**What the task requires:**
Reproduce exactly the lines of this material that begin at the line with "Elevate casual wear" and end at the line with "Председник Друштва Јапан", both included. Omit the pictures and everything else.

**Records for the exercise:**

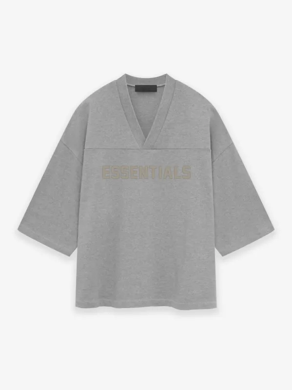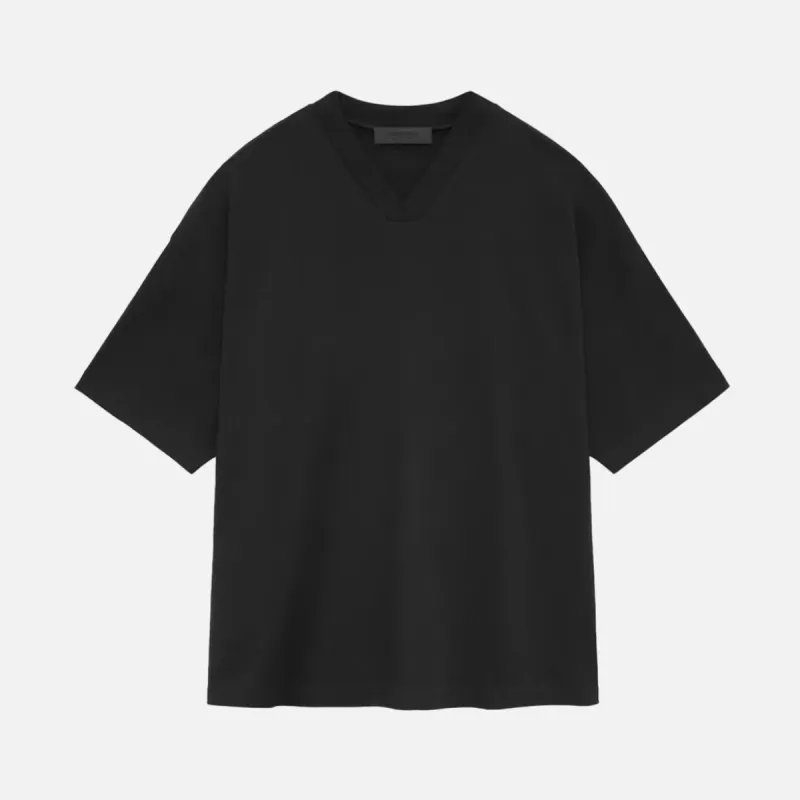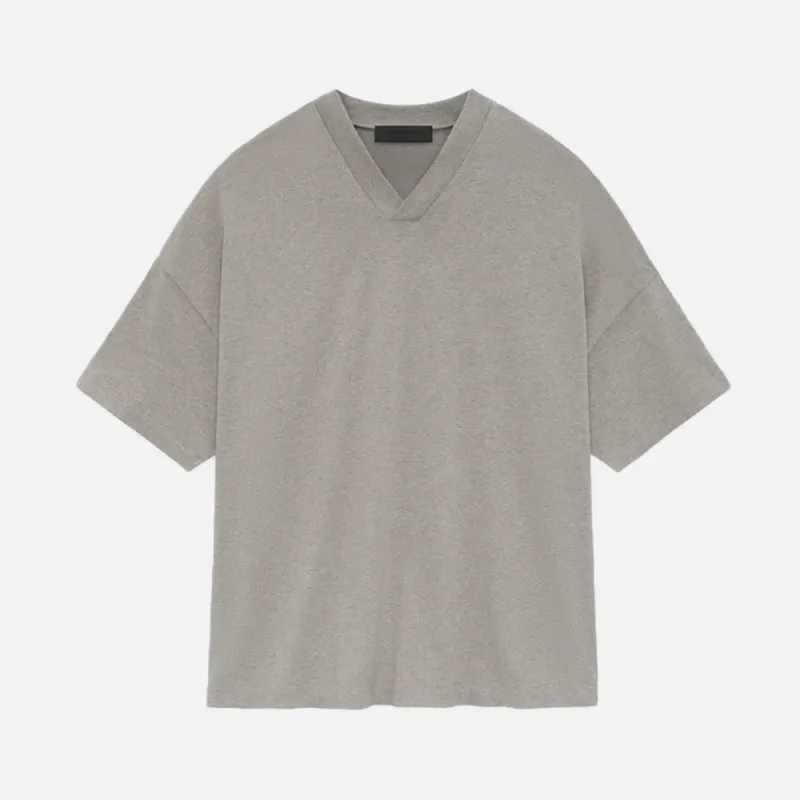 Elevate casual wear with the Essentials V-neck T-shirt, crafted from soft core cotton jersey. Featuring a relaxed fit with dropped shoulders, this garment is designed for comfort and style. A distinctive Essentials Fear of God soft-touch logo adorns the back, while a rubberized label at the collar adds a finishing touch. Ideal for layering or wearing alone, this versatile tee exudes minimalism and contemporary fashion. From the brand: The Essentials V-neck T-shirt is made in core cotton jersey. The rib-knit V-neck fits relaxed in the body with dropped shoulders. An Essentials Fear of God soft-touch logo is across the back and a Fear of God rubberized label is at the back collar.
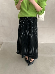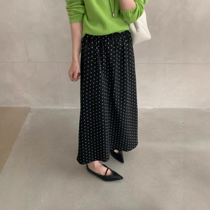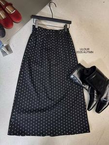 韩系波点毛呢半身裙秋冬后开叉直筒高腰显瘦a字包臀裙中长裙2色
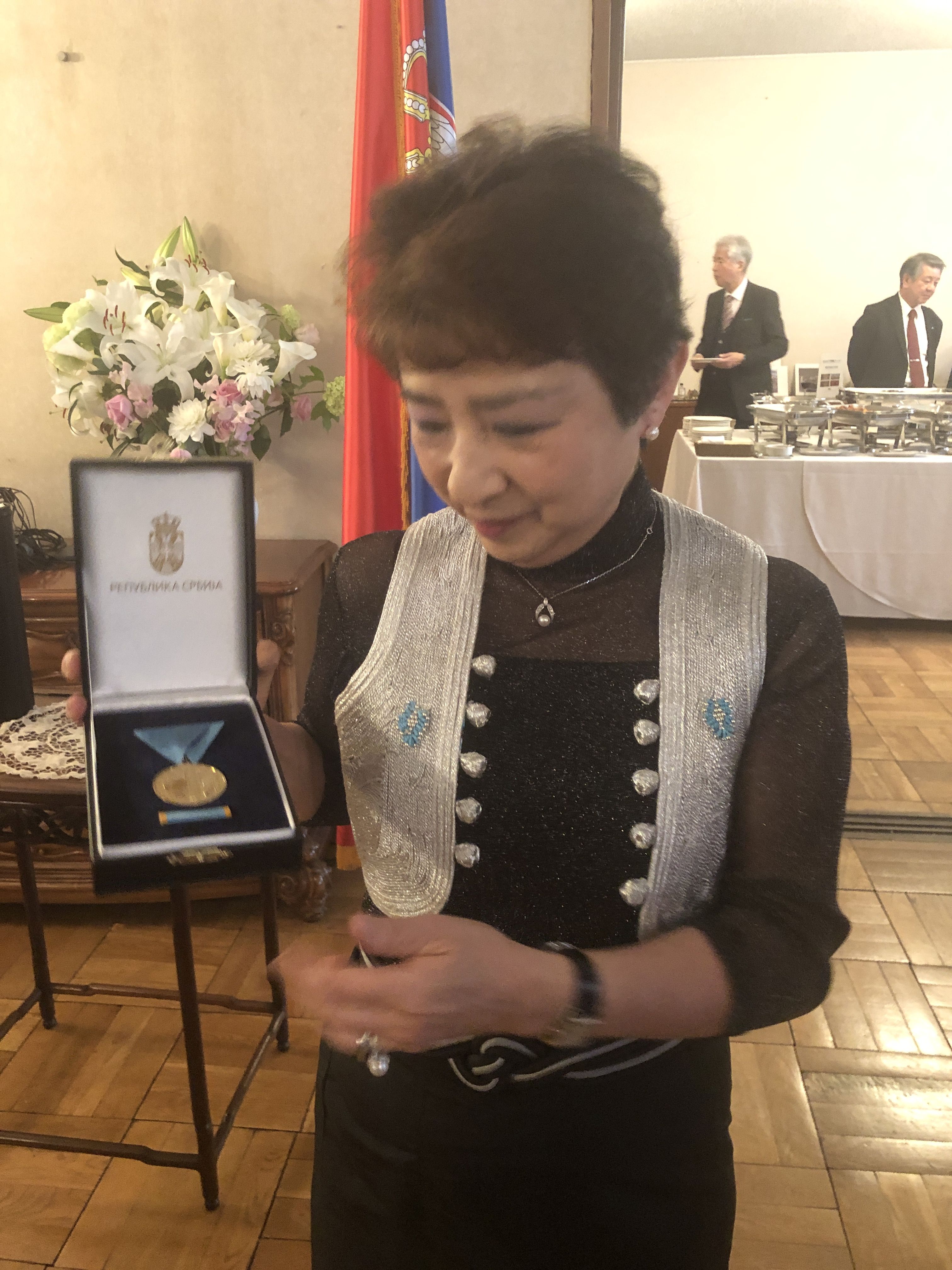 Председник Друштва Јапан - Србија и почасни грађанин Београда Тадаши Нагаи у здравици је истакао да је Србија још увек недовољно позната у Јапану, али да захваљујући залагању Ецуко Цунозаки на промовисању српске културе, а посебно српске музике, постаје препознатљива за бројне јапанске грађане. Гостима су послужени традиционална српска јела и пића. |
==
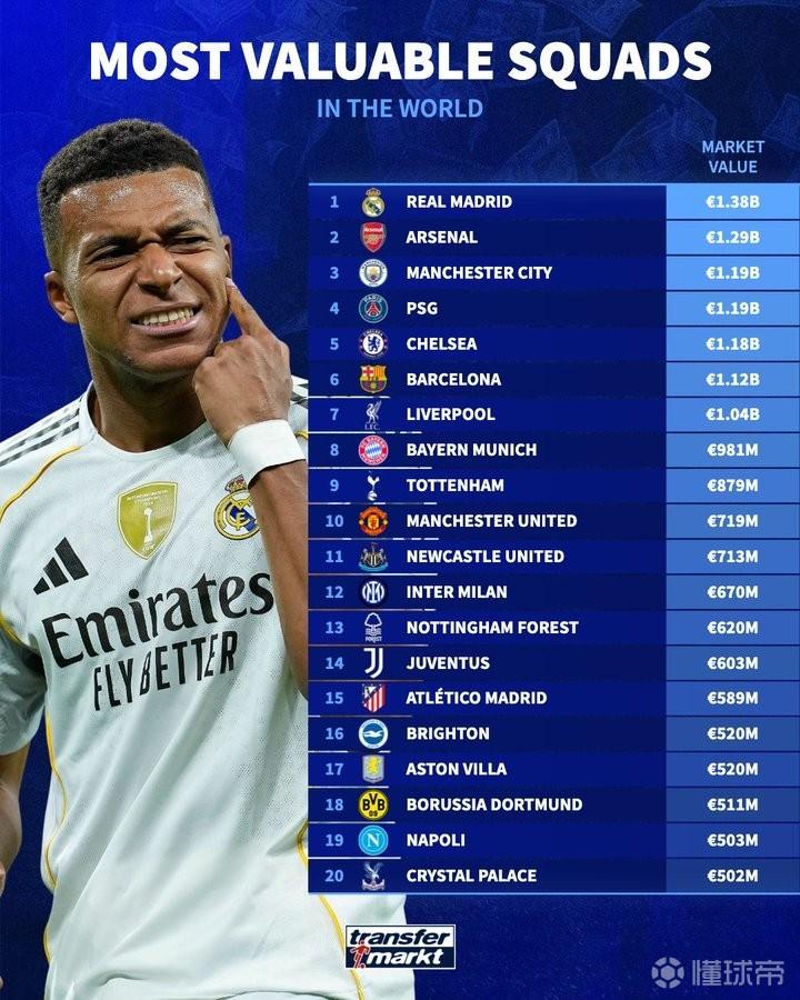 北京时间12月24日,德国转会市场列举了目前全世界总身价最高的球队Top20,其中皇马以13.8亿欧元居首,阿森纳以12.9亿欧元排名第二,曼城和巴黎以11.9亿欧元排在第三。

**Exercise output:**
 Elevate casual wear with the Essentials V-neck T-shirt, crafted from soft core cotton jersey. Featuring a relaxed fit with dropped shoulders, this garment is designed for comfort and style. A distinctive Essentials Fear of God soft-touch logo adorns the back, while a rubberized label at the collar adds a finishing touch. Ideal for layering or wearing alone, this versatile tee exudes minimalism and contemporary fashion. From the brand: The Essentials V-neck T-shirt is made in core cotton jersey. The rib-knit V-neck fits relaxed in the body with dropped shoulders. An Essentials Fear of God soft-touch logo is across the back and a Fear of God rubberized label is at the back collar.
 韩系波点毛呢半身裙秋冬后开叉直筒高腰显瘦a字包臀裙中长裙2色
 Председник Друштва Јапан - Србија и почасни грађанин Београда Тадаши Нагаи у здравици је истакао да је Србија још увек недовољно позната у Јапану, али да захваљујући залагању Ецуко Цунозаки на промовисању српске културе, а посебно српске музике, постаје препознатљива за бројне јапанске грађане. Гостима су послужени традиционална српска јела и пића. |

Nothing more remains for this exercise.